The Medieval Climate Anomaly, for example, was named for the unusually warm temperatures experienced across Europe in the middle ages – although the eastern tropical Pacific region actually became cooler during this time.

Stalagmites in a cave
Cave stalagmites are natural archives that can store climate records in their deposited layers.


Tree rings help us to understand past patterns in wet and dry climate phases. Tree growth is more sensitive to rain in areas like across the country. EuropeThe Asian monsoon region? North America and Mexico, information from thousands of tree rings has been used to build up “atlases” of past changes in rainfall. These reconstructions paint a stark picture on the relationship between the development and stability of our climate.

An aerial view of a field in England
The UK has had a history of flooding in summers that have caused disasters for the local population.

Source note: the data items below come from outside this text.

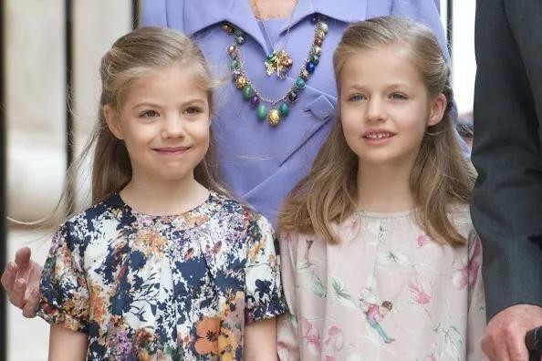 2015年在马洛卡度假,和妈妈穿亲子装的索菲亚公主,看起来乖巧可爱~
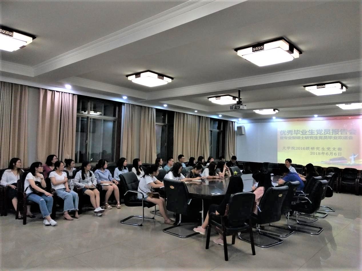 为响应91视频 党委的号召,6月6日晚,2016级研究生党支部全体研究生党员及入党积极分子在文史楼西会议室开展“‘梅花香自苦寒来’优秀毕业生党员报告会”主题党日活动,暨2016级研究生党支部专业型硕士研究生党员毕业欢送会。
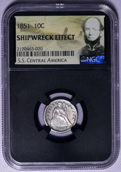 On September 9, 1857 the S.S. Central America was caught up in a Category 2 hurricane while off the coast of the Carolinas and sank 200 miles off the coast on September 12. It was carrying 30,000 pounds of gold from the California gold rush leaving the port of Colón in Panama for New York City. The wreck was discovered in 1988. While coins and such were in the main cargo, the double pinches of California Gold Rush gold come directly from the purser's safe and were recovered in 2014. [1] [2]
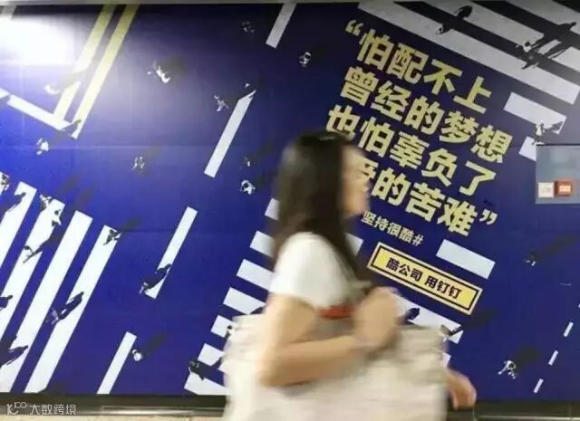 马云阿里巴巴最近在地铁站投放了一组主题为“创业很苦,坚持很酷”,"28岁,头发白了一半”的地铁广告,将26个创业故事做成了一篇篇广告语,打动无数人。
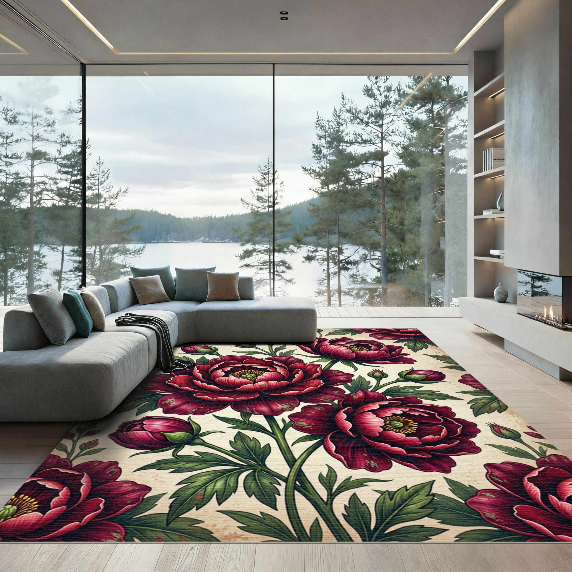 Elevate your home with this stunning vintage-inspired area rug, featuring lush crimson peonies set against a soft, neutral backdrop. Perfectly blending classic charm with modern convenience, this floral masterpiece is designed to be as practical as it is beautiful. Highly durable and fully machine washable, it is an ideal choice for high-traffic areas like the living room or entryway. With a low pile height that easily tucks under furniture and doors, it offers effortless maintenance for busy households. Every piece is certified OEKO-TEX Standard 100, ensuring your space is decorated with safe, high-quality textiles. Available in sizes from small accent rugs to spacious area rugs, it brings timeless elegance to any corner of your home.
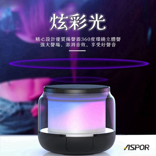 全新公司貨 ASPOR A676 炫彩光小型智能無線藍芽音響 TWS 可免持通話
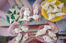 А еще исстари на Руси в этот день пекли хлебных жаворонков, чтобы они как можно быстрее принесли весну на своих крыльях. Вот и наши дети пекли сегодня жаворонков и треугольники из соленого теста, закликали весну, зазывали яное солнышко....

The archaeological wood of the western US and northern Mexico provides a record of drought intensity for 1200 years. This record reveals “megadrought” phases, where low rainfall led to narrow tree rings.

These narrowing rings are closely related to historical records that show the collapse of local communities. Native AmericanCommunities that survived a drought, according to tree rings records, lasted for decades.

Wet summers have been more detrimental to the UK’s population than dry ones. They can cause crop failures and are more common in the UK. Climate information in ancient British oaks reveals when Europe and the UK had successive cool, wet summers.

One such event, in the 1310s, has been called the Dantean anomalyA European agricultural crisis caused the death of one-sixth the population. Wet summers led crop failures and famine.

The storiesThe trees’ past climates provide a fascinating insight into how social stability and climate stability are intertwined. These stories from climate conditions in the past raise questions about the future we envision.